• **Task prompt**
A faithful copy is required: transcribe each line below exactly, minus the pictures.

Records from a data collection
================
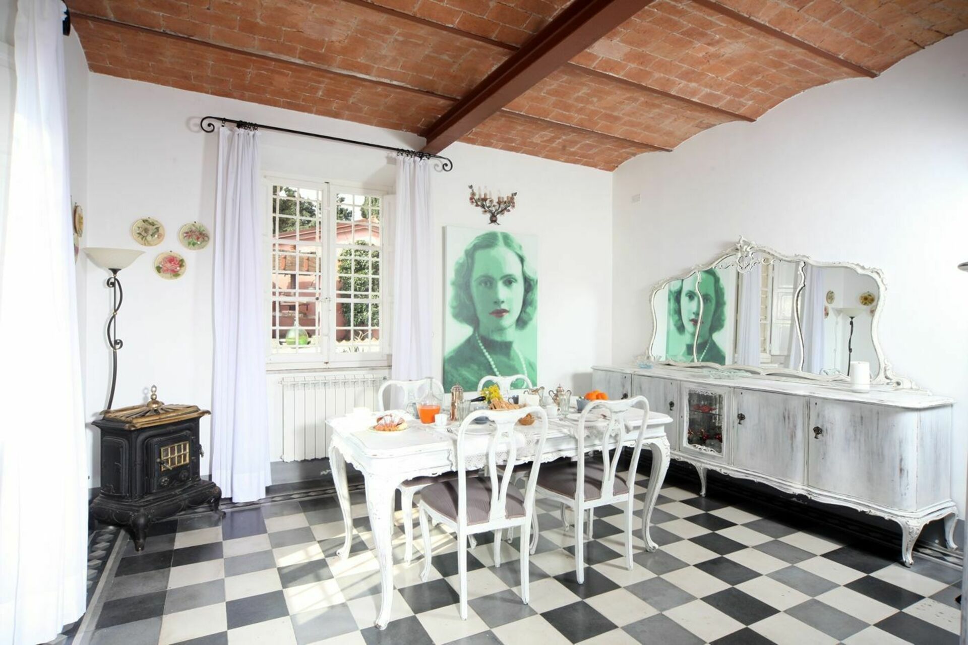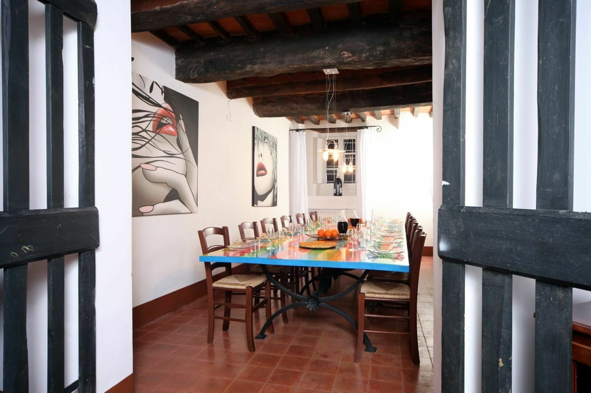 entrance, kitchen (oven, microwave, freezer, dishwasher, coffee maker, electric kettle), dining room adjoining the kitchen with up to 8 seats, secondary dining room with up to 24 seats, living room with pellet stove (on request and cost according to consumption), living room with fireplace and TV, toilette.
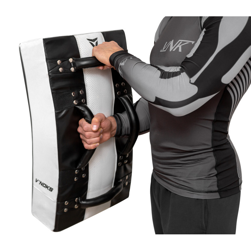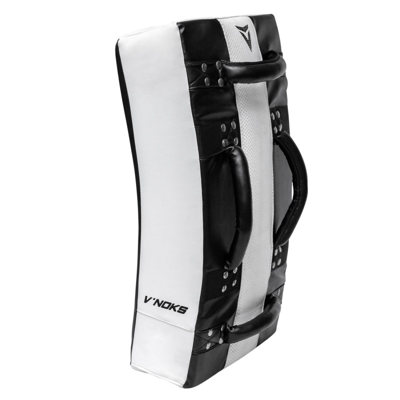 Маківара V`Noks Aria White виконана з натуральної шкіри Nappa, що гарантує тривалу службу та стійкість до зовнішніх пошкоджень при інтенсивному використанні. Даний інвентар витримає відпрацювання навіть найсильніших ударів ногами та руками. Завдяки спеціальному пінно-гелевому наповнювачу максимально гаситься сила удару. При цьому маківара V`Noks Aria White має ультралегку вагу, яка забезпечує максимальний комфорт та зручність для рук тренера, а вигнута форма дає анатомічно правильну позицію рук та найкраще поглинання ударів.
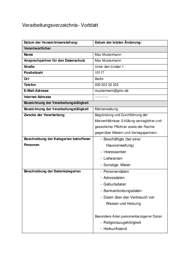 Datenschutzgrundverordnung — Vorblatt – Verarbeitungsverzeichnis
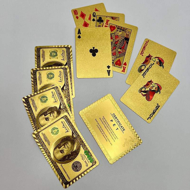 ورق بازی دلار طلایی اکلیلی شناسنامه دار برخور عالی چاپ پررنگ جنس پلاستیک قابل شستشو
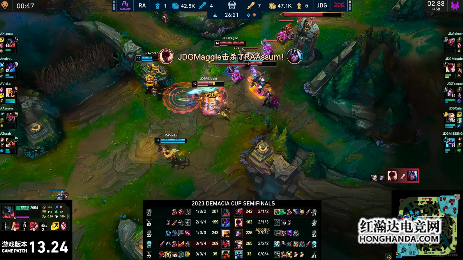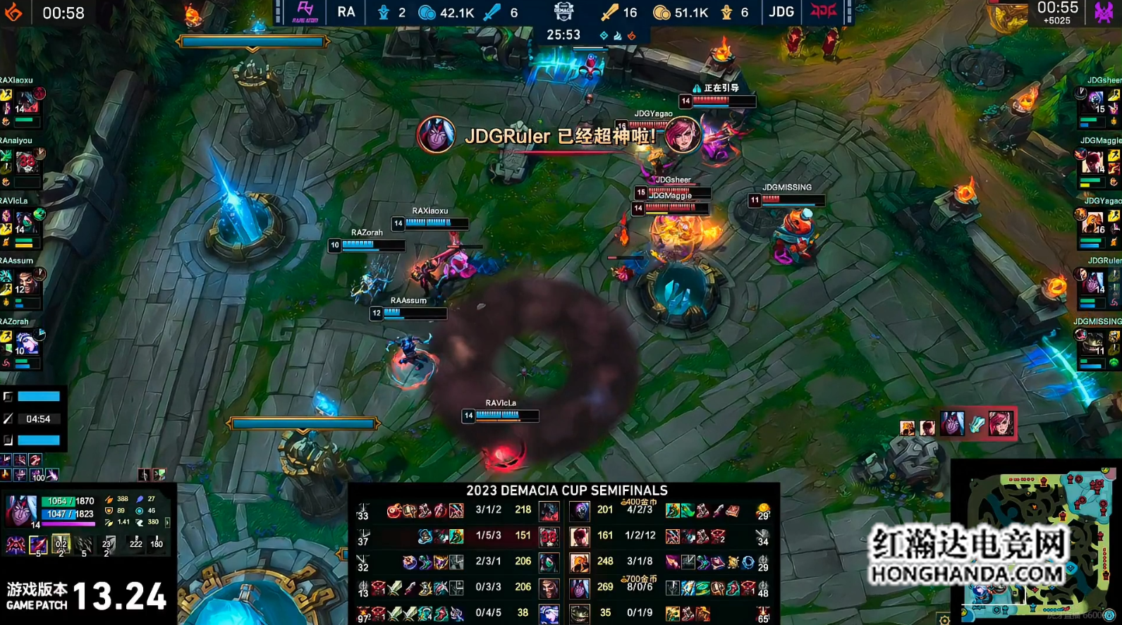 JDG 27分钟拿下火龙魂,此时Ruler韦鲁斯也8-0-6成为RA最为头疼点之一。JDG也是稳步向前,在高地上将RA团灭,在高地上团灭RA拿下第一局比赛。
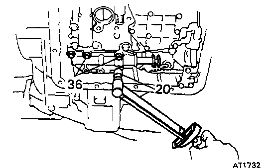 (b) Check that the manual valve lever is in contact with the center of the roller at the tip of the detent spring.
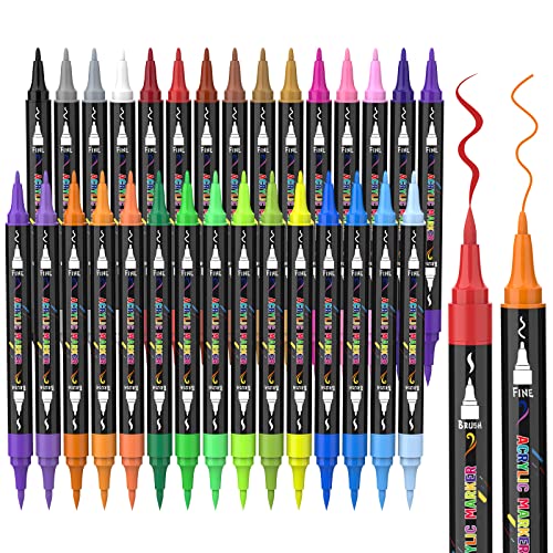 30 Colors Acrylic Paint Pens, Dual Tip Acrylic Paint Markers with Brush Tip and Fine Tip, Acrylic Markers for Rock Painting Wood Canvas Stone Glass Ceramic DIY Crafts Making Art Supplies Kids Adults
================
• **Answer to this exercise**
 entrance, kitchen (oven, microwave, freezer, dishwasher, coffee maker, electric kettle), dining room adjoining the kitchen with up to 8 seats, secondary dining room with up to 24 seats, living room with pellet stove (on request and cost according to consumption), living room with fireplace and TV, toilette.
 Маківара V`Noks Aria White виконана з натуральної шкіри Nappa, що гарантує тривалу службу та стійкість до зовнішніх пошкоджень при інтенсивному використанні. Даний інвентар витримає відпрацювання навіть найсильніших ударів ногами та руками. Завдяки спеціальному пінно-гелевому наповнювачу максимально гаситься сила удару. При цьому маківара V`Noks Aria White має ультралегку вагу, яка забезпечує максимальний комфорт та зручність для рук тренера, а вигнута форма дає анатомічно правильну позицію рук та найкраще поглинання ударів.
 Datenschutzgrundverordnung — Vorblatt – Verarbeitungsverzeichnis
 ورق بازی دلار طلایی اکلیلی شناسنامه دار برخور عالی چاپ پررنگ جنس پلاستیک قابل شستشو
 JDG 27分钟拿下火龙魂,此时Ruler韦鲁斯也8-0-6成为RA最为头疼点之一。JDG也是稳步向前,在高地上将RA团灭,在高地上团灭RA拿下第一局比赛。
 (b) Check that the manual valve lever is in contact with the center of the roller at the tip of the detent spring.
 30 Colors Acrylic Paint Pens, Dual Tip Acrylic Paint Markers with Brush Tip and Fine Tip, Acrylic Markers for Rock Painting Wood Canvas Stone Glass Ceramic DIY Crafts Making Art Supplies Kids Adults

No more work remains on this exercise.